Я не удержался, снова взял ее руку, и опять та же химия, опять всплеск желания.
- У нас в запасе примерно час, - взгляд Дюймовочки затапливает меня нежностью, которая не расслабляет, а заставляет жадно сглотнуть слюну, тяжело вздохнуть и снова задавить очередную вспышку страсти.
Каждую минуту этого часа мы словно записывали на подкорку, чтобы потом доставать эти воспоминания, смаковать их и подпитываться радостью до следующей встречи. Правда, я постоянно поглядывал на часы, физически ощущая, как крупицы счастья словно просачиваются сквозь пальцы, и нет никакой возможности их удержать.
Когда мы были на верхней точке чертова колеса, я склонился к ее ушку и коснулся его губами.
- Я чувствую себя Золушкой, - жарко выдохнул и замер от восторга. Никогда в жизни я не испытывал такого щемящего блаженства от самой невинной ласки.
Дюймовочка затихла, и я почувствовал, как забилось ее сердечко. Но я понимал, что просто не имею права распускать руки, поэтому со вздохом отстранился. Моя зеленоглазка вскинула благодарный взгляд, а потом хихикнула, совсем как девчонка.
- Золушка с сорок пятым размером ножки.
- Зато у меня волшебные ручки!
- И какое волшебство ты умеешь делать? – смешинки в ее глазах превращали меня в пускающего слюни молодого жизнерадостного бычка, который готов, задрав хвост, скакать от счастья.
- Могу голову врага превратить в тыкву, - и увидев, что Дюймовочка испуганно взмахнула ресницами, тут же плотоядно ухмыльнулся: - А могу любимую женщину заласкать до звездочек в глазах.
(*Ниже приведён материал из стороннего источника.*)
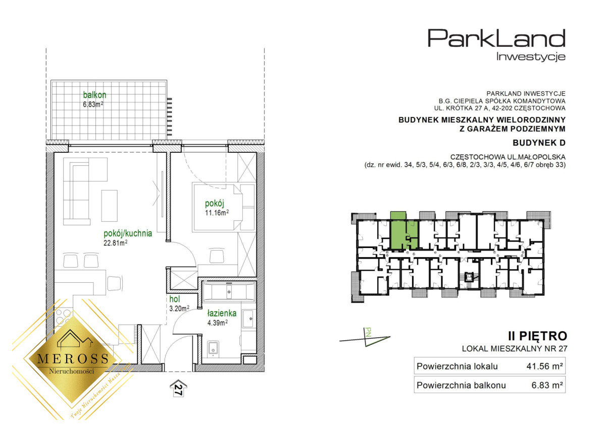 MEROSS Nieruchomości & ParkLand Inwestycjeprzedstawia do sprzedaży mieszkanie
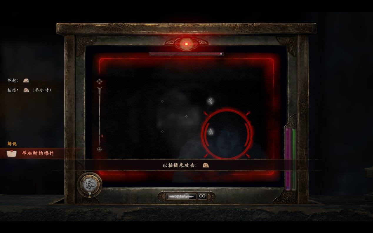 《零~红蝶》的核心设计始终围绕着一个天才般的创意展开:以相机为武器。这一设定将战斗、探索与叙事天衣无缝地缝合在一起。玩家不再拥有任何传统的攻击手段,只能透过取景器直面袭来的怨灵,在恐惧中按下快门:必须直视恐惧,才能战胜恐惧。这种让玩家“不得不永远直面怪物”的核心设计,赋予了系列独一无二的恐怖气质。它颠覆了传统恐怖游戏中“逃跑”或“躲避”的被动逻辑,转而要求玩家主动、甚至侵略性地与恐惧正面交锋。
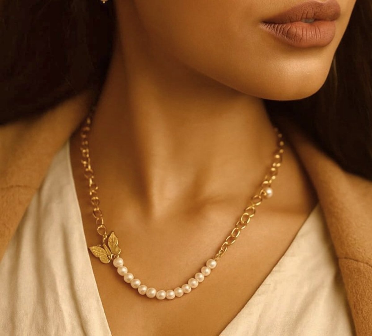 كوليه فضه المطعمه باللولي الطبيعي م ٤٥ سم مطلي بالذهب عيار ١٨
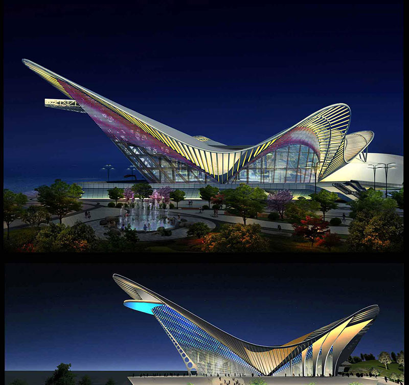 工程建筑面積31313平方米,其中地上8層,建筑高度66米。首層為設備用房及服務用房,層高6米。“鳳凰”的頭頸部匯集餐飲服務,在距地面52米處為設立蹦極平臺;腹部開放綜合餐飲和娛樂大廳;背部為可供游客游覽的綜合廣場;尾部規劃為可容納1200人的國際一流歌劇院。
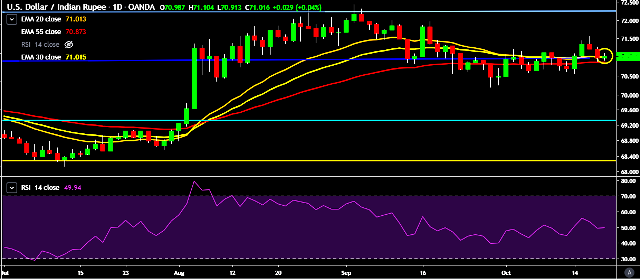 - It made intraday high at 71.10 and low at 70.90 marks.

Лада вспыхнула от смущения и попыталась отвести глаза, но я поймал ее подбородок и, сдерживая сумасшедший стук сердца, твердо сказал:
- Пока я не хочу ворованных поцелуев. Поэтому ты понимаешь, что в моих интересах быстрее найти управу на нашего общего родственника. Иначе у нас не получится второй ребенок. Детородный орган перегорит от неудовлетворенности…
Я вез домой Дюмовочку, и с каждым километром на сердце становилось тяжелей и тяжелей, словно они, эти километры, падали на штангу на моей груди. Не доезжая до дома несколько кварталов, я вызвал такси, не имея права компрометировать.
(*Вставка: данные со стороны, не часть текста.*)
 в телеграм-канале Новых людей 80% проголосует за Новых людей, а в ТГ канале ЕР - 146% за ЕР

Выходя из машины, она обернулась.
- Даня. Спасибо.
В состоянии какой-то замороженности я смотрел, как моя Дюймовочка садится в машину, не отрывал глаз, пока она не скроется из поля зрения. Словно проколотый шарик, только что бывший упругим и веселым, превращается в бесформенную тряпочку, я не мог сдвинуться с места.
Из-за своей неприхотливости я никогда не страдал от отсутствия чего-то. Даже в спорте я не горел желанием победить - просто знал, что это будет. Во мне жила уверенность, что все нужное у меня есть или будет. Сейчас мне по-настоящему стало страшно.
Человек, сумевший так забить мозги моей матери, что она, не глядя на траур, вышла за него замуж, опасен. Как хищник, притаившийся в кустах.
Когда Лада упомянула о клочке бумаги с угрозой мне, я лишь посмеялся. Но теперь, когда узнал, на какую подлость он способен, задумался. Это не ринг, это не бой один на один. И еще страх, что он может причинить вред моей девочке.
О том, что он будет требовать от нее секса, я вообще запретил себе думать, потому что кровь сразу закипала и грозила взорвать меня, как ядерный реактор.
Никогда в жизни я не оттягивал решения, не мямлил, иногда даже рубил с плеча, но похоже, иногда что-то случается впервые.
Я не знал, что делать с Милкой. Чертово обязательство, данное слово, держали меня так же крепко, как цепи раба на галере.
Отчим бы нашел, как выкрутиться…Но я не он. Сказать правду – значит нанести девчонке еще одну травму, не сказать – та же травма, ведь отказаться от близости с женщиной и не объяснять еще хуже. С каждой минутой настроение падало, как столбик термометра на мороз.
- Данил! – чуть не захлопала в ладоши Камила, радостно заглядывая чуть ли не с собачьей преданностью мне в глаза. – Тебя так долго не было, я волновалась. Хочешь, кофе сварю? Или поедим в кафе? Ты же наверно проголодался? А я себе работу нашла!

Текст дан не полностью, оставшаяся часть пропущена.